The division ends up falling between materials that help students understand a syllabus and those that help them rehearse the exact moves examinations demand. For a student who can pay, that’s a manageable inconvenience. For a student who can’t, it’s a question about what they’re actually being offered when a platform calls itself accessible.

The Visible Door—Anxiety, Conversion Pressure, and Who Bears It

Locking a feature and hiding it are two very different design choices. Freemium platforms, almost universally, choose the former: free-tier users see locked icons, greyed lessons, premium badges marking content that sits one click away. The effect isn’t simple deprivation—it’s a sustained, recurring question that compounds every time a student opens the app: is the work I’m doing here actually enough?
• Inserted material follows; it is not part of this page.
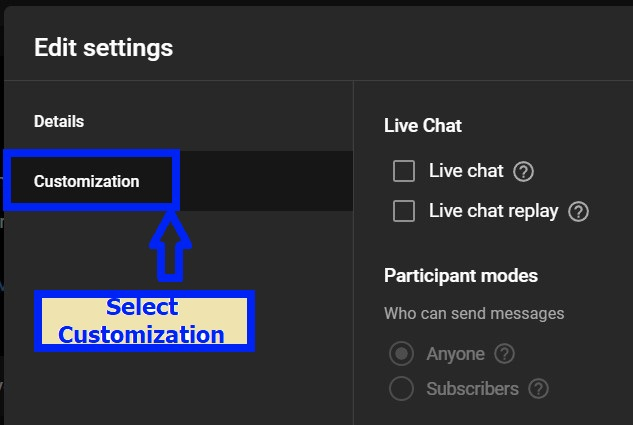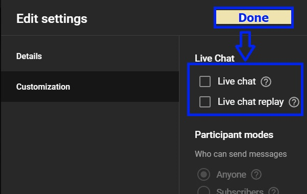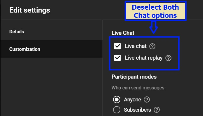 點選“自定義”,取消選中“即時聊天”選項以在直播過程中停用聊天。

Duolingo, Inc., which describes itself as the world’s leading mobile learning platform and frames its freemium model around bringing education to billions of people, makes this structure explicit. Inside the app, locked or highlighted premium features remain visible to free-tier users, and prompts position the paid tier as a way to accelerate progress or improve outcomes. For casual learners, this reads as optional convenience. For students preparing for language exams, it means studying alongside a persistent reminder that a faster, more complete route is being declined every time they tap ‘maybe later.’ The same locked features that market the premium tier also set the stage for ongoing doubt about whether free-tier preparation is sufficient. A platform can genuinely expand access and still structure that access so its own limitations are never out of sight—and at the level of daily UX, the distance between those two things is exactly where conversion pressure operates.
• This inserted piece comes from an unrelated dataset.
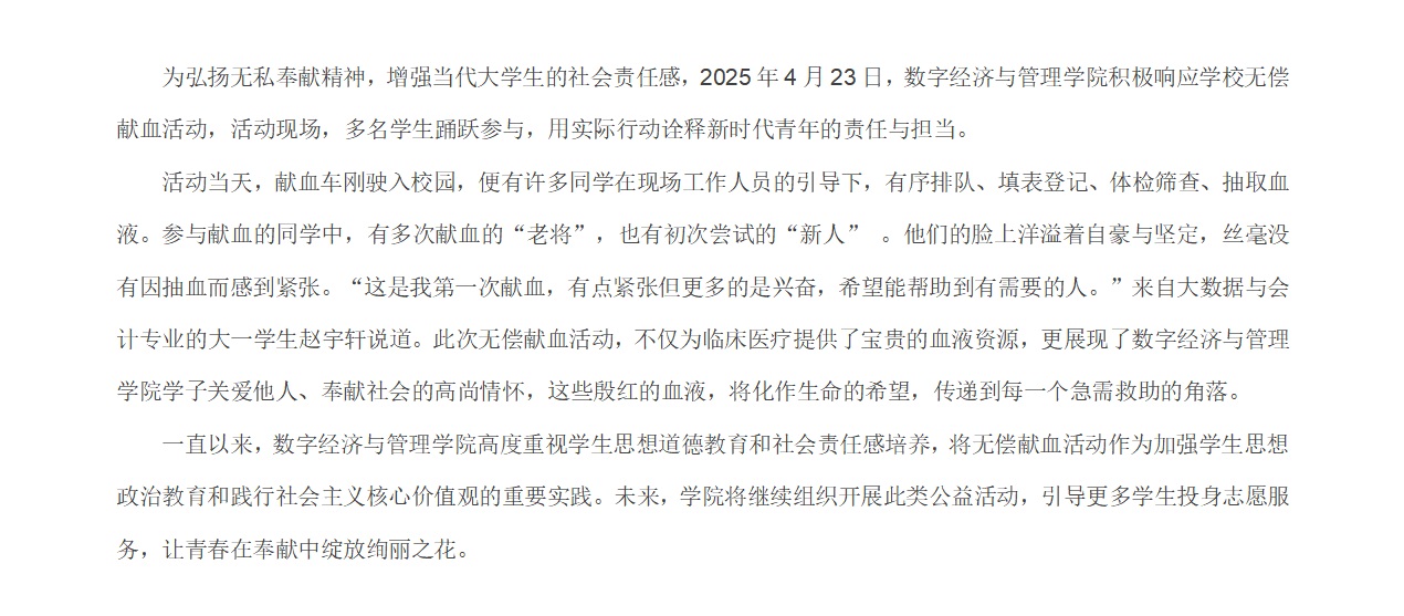 熱血傳遞生命 青春彰顯擔當——數字經濟與管理學院開展大學生無償獻血活動

There’s a point at which that pressure stops being persuasion. Regulators have treated that boundary as a consumer-protection concern when interface design creates confusion rather than informed choice. The U.S. Federal Trade Commission alleged that Amazon used “dark patterns” to enroll consumers into an auto-renewing Prime subscription “without consent” and “made cancellation difficult” through a multi-step process. Duolingo is not accused of that conduct. The FTC framing simply clarifies why always-visible locks and timed prompts around educational content warrant scrutiny: when what’s being gated is a performance edge in a high-stakes exam, the line between marketing a premium tier and manufacturing insufficiency is worth drawing carefully.
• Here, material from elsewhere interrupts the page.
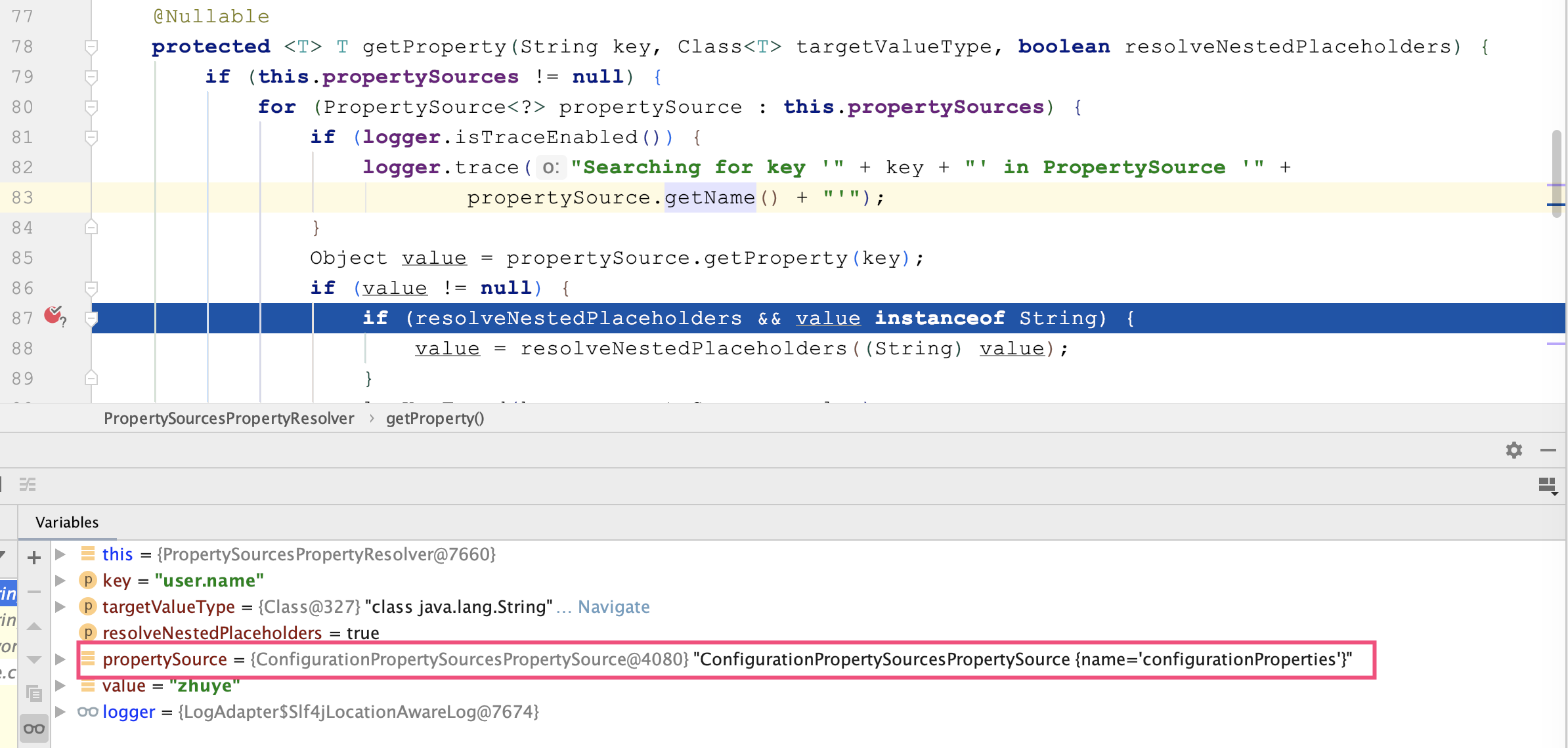 propertySourceList字段用来真正保存PropertySource的List,且这个List是一个CopyOnWriteArrayList。 类中定义了addFirst、addLast、addBefore、addAfter等方法,来精确控制PropertySource加入propertySourceList的顺序。这也说明了顺序的重要性。 继续看下PropertySourcesPropertyResolver(图中绿色类)的源码,找到真正查询配置的方法getProperty。

The Unequal Cost of an Identical Decision

On the surface, every student faces the same upgrade offer: the same price, the same benefit list, the same button. What differs is the risk attached to saying yes. For some households, the subscription fee is unremarkable; for others, it competes with rent, food, or transport. Bray (2021) on shadow education—private tutoring purchased alongside regular schooling—shows how such choices already skew: families in higher socio-economic groups have more opportunity to invest, and when supplemental learning is left to market forces, it can maintain and exacerbate social inequalities. Freemium upgrades sit inside that same pattern.

In high-stakes pathways like the IB Diploma, that patterned inequality layers onto earlier structural filters. Not every school system can sustain the staffing and timetabling load the program demands, and when budgets tighten, small cohorts are often the first casualty—as the Guernsey decision already made concrete. By the time a student is weighing an exam-prep subscription, they may have already passed through multiple resource gates the upgrade prompt can’t account for.

Two students using the same platform can be in structurally different starting positions before they ever reach the paywall. The student with strong local IB provision is supplementing an existing support structure; the student in a school with limited IB infrastructure may be relying on that platform as one of their primary resources. Geography explains the gap; it doesn’t close it. For the second student, even a genuinely generous free tier widens opportunity while the premium tier still tracks income—which leaves open the harder question of where, exactly, the free tier’s preparation ends and the paywall’s consequences begin.

Genuine Value, Strategic Positioning, and the Peak-Anxiety Window

What happens when a paywall falls below the minimum threshold for participation shows up most starkly in higher education’s access-code courseware model. Student PIRGs’ report *Access Denied: The New Face of the Textbook Monopoly* found that 32% of surveyed courses required an access-code component and that standalone codes averaged about $100. When payment is required simply to submit graded homework, the product is no longer a premium add-on; it’s a gate on assessment itself. That’s the lower bound—the point against which freemium exam-prep can be calibrated.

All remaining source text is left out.